Oldest Kubernetes version supported: 1.16
⚠️ Kubernetes version 1.20.x is not supported! This Kubernetes issue prevents the controller from running properly on Kubernetes 1.20.0-1.20.4. Earlier versions of Kubernetes as well as 1.20.5 and later are still supported.
Datadog Chaos Controller
💣 Disclaimer💣 The Chaos Controller allows you to disrupt your Kubernetes infrastructure through various means including but not limited to: bringing down resources you have provisioned and preventing critical data from being transmitted between resources. The use of Chaos Controller on your production system is done at your own discretion and risk.
The Chaos Controller is a Kubernetes controller with which you can inject various systemic failures, at scale, and without caring about the implementation details of your Kubernetes infrastructure. It was created with a specific mindset answering Datadog's internal needs:
🐇 Be fast and operate at scale- At Datadog, we are running experiments injecting and cleaning failures to/from thousands of targets within a few minutes.
🚑 Be safe and operate in highly disrupted environments- The controller is built to be able to limit the blast radius of failures but also to be able to recover by itself in catastrophic scenarios.
💡 Be smart and operate in various technical environments- With Kubernetes, all environments are built differently.
- Whatever your cluster configuration and implement details choice, the controller is able to inject failures by relying on low-level Linux kernel features such as cgroups, tc or even eBPF.
🪙 Be simple and operate at low cost- Most of the time, your Chaos Engineering platform is waiting and doing nothing.
- We built this project so it uses resources only when it is really doing something:
- No DaemonSet or any always-running processes on your nodes for injection, no reserved resources when it's not needed.
- Injection pods are created only when it is needed, killed once experiment is done, and built to be evicted if necessary to free resources.
- A single long-running pod, the controller, and nothing else!
Getting Started
💡 Read the latest release quick installation guide and the configuration guide to know how to deploy the controller.

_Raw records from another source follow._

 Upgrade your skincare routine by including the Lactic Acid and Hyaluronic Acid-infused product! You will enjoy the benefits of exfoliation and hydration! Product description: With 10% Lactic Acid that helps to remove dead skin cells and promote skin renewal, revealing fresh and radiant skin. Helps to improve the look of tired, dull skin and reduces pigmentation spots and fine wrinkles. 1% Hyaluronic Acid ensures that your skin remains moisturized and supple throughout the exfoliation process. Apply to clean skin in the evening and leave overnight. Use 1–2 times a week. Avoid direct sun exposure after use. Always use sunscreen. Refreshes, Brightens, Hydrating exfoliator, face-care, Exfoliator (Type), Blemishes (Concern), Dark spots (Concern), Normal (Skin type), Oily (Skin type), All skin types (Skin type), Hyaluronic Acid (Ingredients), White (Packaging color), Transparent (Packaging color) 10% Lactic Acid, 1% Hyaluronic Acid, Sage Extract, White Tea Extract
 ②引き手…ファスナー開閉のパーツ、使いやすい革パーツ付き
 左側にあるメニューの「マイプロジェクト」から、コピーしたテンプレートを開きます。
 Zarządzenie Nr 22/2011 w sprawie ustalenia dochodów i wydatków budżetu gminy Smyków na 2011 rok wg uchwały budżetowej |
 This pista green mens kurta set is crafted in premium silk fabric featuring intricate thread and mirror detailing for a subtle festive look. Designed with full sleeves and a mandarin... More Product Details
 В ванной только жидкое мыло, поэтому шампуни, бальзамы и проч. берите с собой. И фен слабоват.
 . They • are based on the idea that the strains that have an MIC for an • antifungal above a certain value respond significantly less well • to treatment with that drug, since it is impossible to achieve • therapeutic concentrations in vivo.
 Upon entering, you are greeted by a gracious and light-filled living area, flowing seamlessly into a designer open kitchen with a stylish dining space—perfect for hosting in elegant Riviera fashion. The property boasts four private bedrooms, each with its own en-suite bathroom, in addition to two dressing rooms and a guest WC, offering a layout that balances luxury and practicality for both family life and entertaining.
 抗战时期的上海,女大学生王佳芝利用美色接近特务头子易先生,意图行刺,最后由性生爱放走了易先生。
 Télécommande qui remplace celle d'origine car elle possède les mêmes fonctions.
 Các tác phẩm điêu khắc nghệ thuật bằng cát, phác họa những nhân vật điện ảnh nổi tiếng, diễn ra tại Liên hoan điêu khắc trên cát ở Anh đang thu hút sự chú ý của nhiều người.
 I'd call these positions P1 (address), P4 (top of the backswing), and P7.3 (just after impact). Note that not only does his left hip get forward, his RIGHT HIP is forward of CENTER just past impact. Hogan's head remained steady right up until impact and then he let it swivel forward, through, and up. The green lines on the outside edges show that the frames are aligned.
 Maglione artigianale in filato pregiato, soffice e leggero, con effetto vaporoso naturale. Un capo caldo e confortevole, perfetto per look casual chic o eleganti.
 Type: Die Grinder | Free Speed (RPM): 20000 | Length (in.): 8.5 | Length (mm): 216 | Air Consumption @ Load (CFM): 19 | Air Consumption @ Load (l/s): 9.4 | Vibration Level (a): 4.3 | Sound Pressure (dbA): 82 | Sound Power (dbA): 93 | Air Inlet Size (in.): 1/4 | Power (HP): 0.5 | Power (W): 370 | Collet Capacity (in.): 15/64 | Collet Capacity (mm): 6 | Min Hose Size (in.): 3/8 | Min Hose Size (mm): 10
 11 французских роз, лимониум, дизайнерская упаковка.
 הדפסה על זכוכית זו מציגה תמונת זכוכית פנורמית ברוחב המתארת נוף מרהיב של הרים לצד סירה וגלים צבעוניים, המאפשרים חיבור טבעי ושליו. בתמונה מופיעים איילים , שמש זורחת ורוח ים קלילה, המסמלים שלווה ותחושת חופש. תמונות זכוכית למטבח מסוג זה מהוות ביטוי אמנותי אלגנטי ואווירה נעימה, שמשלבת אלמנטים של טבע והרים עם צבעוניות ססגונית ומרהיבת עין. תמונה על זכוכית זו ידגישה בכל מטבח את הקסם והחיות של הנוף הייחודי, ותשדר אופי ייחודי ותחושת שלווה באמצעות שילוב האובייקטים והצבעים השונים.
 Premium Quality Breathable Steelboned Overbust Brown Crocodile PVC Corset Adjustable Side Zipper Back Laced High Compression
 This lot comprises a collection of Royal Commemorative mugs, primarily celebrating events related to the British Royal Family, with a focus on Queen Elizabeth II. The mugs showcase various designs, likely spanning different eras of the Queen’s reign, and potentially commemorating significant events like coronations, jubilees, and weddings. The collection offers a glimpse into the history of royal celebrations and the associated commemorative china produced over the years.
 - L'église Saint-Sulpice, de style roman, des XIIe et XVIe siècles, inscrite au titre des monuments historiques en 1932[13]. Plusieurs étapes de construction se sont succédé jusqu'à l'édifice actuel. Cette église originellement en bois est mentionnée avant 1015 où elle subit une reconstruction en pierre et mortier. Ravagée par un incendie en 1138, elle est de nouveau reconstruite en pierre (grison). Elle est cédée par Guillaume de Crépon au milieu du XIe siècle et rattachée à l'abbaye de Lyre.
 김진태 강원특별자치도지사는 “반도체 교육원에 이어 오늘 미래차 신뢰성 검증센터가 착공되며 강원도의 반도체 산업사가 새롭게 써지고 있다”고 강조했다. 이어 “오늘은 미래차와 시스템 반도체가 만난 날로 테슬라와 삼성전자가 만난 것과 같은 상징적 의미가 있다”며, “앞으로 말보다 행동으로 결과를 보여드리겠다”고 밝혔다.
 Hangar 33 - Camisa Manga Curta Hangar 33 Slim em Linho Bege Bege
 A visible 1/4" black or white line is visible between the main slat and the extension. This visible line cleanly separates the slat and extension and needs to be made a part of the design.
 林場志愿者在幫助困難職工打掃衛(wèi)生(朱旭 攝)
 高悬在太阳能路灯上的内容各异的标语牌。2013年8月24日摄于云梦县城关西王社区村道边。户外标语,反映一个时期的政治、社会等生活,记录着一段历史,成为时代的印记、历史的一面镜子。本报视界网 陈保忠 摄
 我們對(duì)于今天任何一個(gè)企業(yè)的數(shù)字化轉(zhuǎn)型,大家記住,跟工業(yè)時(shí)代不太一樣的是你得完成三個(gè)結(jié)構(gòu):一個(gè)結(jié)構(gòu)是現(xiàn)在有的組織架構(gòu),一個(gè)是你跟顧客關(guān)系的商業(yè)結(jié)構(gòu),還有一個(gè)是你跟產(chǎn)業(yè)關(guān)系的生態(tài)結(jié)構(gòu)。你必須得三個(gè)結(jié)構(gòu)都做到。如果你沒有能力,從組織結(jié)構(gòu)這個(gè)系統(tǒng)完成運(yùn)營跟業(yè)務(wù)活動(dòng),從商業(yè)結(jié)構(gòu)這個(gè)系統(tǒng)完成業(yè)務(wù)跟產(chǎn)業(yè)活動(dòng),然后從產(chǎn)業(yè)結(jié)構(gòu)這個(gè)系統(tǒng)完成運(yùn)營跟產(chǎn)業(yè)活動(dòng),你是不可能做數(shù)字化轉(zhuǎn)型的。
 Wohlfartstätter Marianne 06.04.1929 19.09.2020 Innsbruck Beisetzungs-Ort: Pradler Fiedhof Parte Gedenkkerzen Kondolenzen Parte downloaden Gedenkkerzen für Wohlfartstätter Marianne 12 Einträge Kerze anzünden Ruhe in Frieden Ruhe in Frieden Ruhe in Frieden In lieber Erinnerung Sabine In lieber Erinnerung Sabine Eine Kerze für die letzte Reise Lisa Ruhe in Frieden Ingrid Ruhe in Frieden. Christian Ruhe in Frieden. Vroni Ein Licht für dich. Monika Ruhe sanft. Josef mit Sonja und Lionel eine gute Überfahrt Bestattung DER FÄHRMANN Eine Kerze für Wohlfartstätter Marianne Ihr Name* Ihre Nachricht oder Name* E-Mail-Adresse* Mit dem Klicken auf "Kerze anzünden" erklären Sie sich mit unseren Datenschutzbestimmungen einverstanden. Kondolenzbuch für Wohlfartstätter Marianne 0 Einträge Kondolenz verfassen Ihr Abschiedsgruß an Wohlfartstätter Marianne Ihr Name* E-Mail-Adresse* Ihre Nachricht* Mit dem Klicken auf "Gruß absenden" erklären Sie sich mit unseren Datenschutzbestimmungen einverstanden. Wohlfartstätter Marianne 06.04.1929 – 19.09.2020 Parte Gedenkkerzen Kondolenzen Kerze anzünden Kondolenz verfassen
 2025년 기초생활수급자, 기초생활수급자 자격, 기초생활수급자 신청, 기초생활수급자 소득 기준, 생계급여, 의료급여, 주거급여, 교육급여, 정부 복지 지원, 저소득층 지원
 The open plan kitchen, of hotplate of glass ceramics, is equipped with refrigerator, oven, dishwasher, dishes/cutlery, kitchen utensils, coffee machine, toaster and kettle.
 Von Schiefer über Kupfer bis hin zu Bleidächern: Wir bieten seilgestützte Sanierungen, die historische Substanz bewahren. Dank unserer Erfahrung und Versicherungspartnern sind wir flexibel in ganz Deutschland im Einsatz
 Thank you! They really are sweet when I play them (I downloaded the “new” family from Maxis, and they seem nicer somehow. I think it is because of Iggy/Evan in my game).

Disruptions are built as short-living resources which should be manually created and removed once your experiments are done. They should not be part of any application deployment. The Disruption
resource is immutable. Once applied, you can't edit it. If you need to change the disruption definition, you need to delete the existing resource and to re-create it.
Getting started is as simple as creating a Kubernetes resource:
apiVersion: chaos.datadoghq.com/v1beta1
kind: Disruption
metadata:
name: node-failure
namespace: chaos-demo # it must be in the same namespace as targeted resources
spec:
selector: # a label selector used to target resources
app: demo-curl
count: 1 # the number of resources to target, can be a percentage
duration: 1h # the amount of time before your disruption automatically terminates itself, for safety
nodeFailure: # trigger a kernel panic on the target node
shutdown: false # do not force the node to be kept down
To disrupt your cluster, run kubectl apply -f <disruption_file.yaml>
. You can clean up the disruption with kubectl delete -f <disruption_file>.yaml
. For your safety, we recommend you get started with the dry-run
mode enabled.
📖 The features guide details all the features of the Chaos Controller.
📖 The examples guide contains a list of various disruption files that you can use.
Check out Chaosli if you want some help understanding/creating disruption configurations.
Contributing
Chaos Engineering is necessarily different from system to system. We encourage you to try out this tool, and extend it for your own use cases. If you want to run the source code locally to make and test implementation changes, visit the Contributing Doc. By the way, we welcome Pull Requests.